I miss-spoke; when I said "machine" I meant "platform" (combination of HW
and SW). Is unintentionally dereferencing a null pointer a silent error on
any existing platform?

But isn't a very good question either. A better one would be: Would it be
_useful_ to define `steal` and use it in programs, such that it triggers a
null pointer dereference (undefined behavior and all) if someone tries to
access the hole?

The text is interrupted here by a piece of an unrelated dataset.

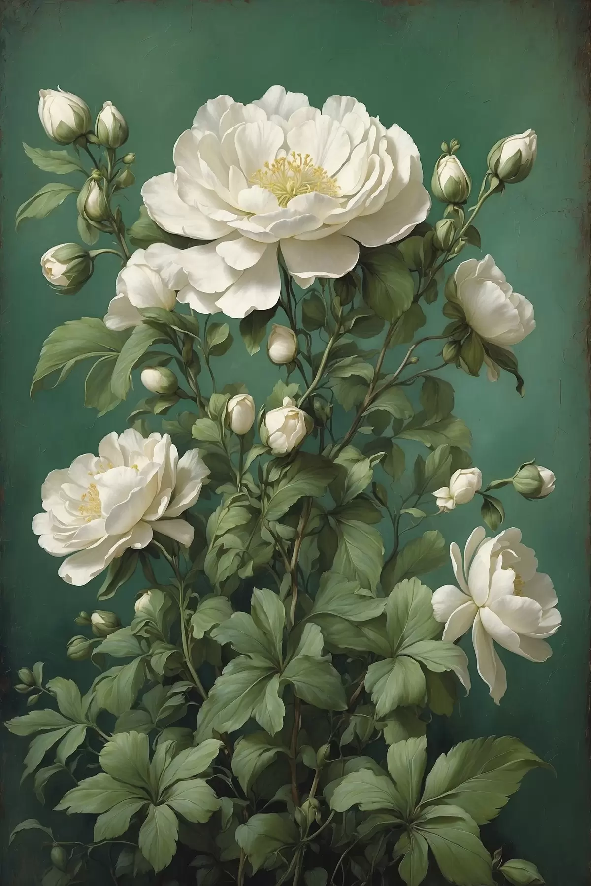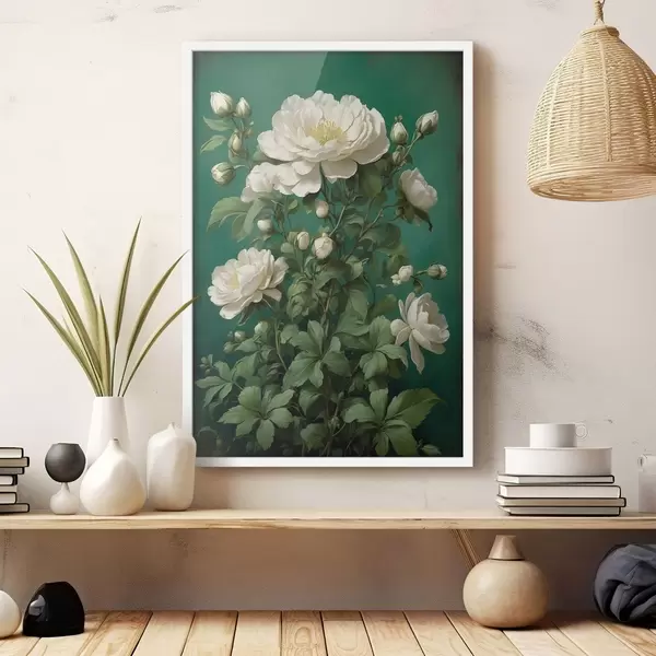 Poster Fiori di peonia color crema su sfondo verde Nr f45491
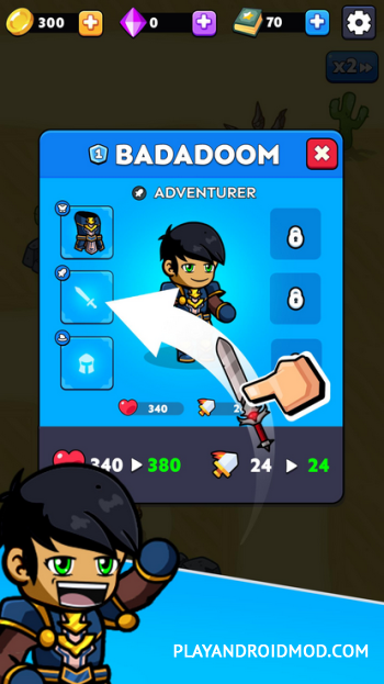 В игре много героев, отличающихся способностями, бонусами и внешним видом. Вы формируете команду, стараясь подобрать оптимальное сочетание навыков и ролей героев. Герои получают опыт и развиваются, открывая новые навыки - атакующие, защитные и вспомогательные. Персонажи используют умения сами. Игрок сосредотачивается на подготовке к бою - выборе команды, экипировки и навыков.

This is a softer question and I suspect the answer is
"yes" - at least until a better way to safely update structures in-place is
found...


On Sat, Sep 7, 2013 at 7:20 PM, Daniel Micay <[email protected]> wrote:

> On Sat, Sep 7, 2013 at 12:09 PM, Oren Ben-Kiki <[email protected]> wrote:
>
>> If in practice on any machine today (X86, ARM, PowerPC, MIPS, SPARC, ...)
>> every null pointer will fault (which I strongly hope will...), then I'd be
>> quite happy in saying formally that accessing a hole leads to "undefined
>> behavior" and make good use of knowledge that any such access will, in
>> fact, fault, on any machine I might be coding to today.
>>
>
> You get a segmentation fault on Linux because the first page is marked
> read-only for userland processes. It's valid on almost any hardware to
> dereference a pointer equal to zero, which is how LLVM defines the null
> pointer. However, LLVM explicitly considers a dereference of the null
> pointer to be undefined behaviour so it doesn't matter how it could or
> couldn't be implemented in hardware.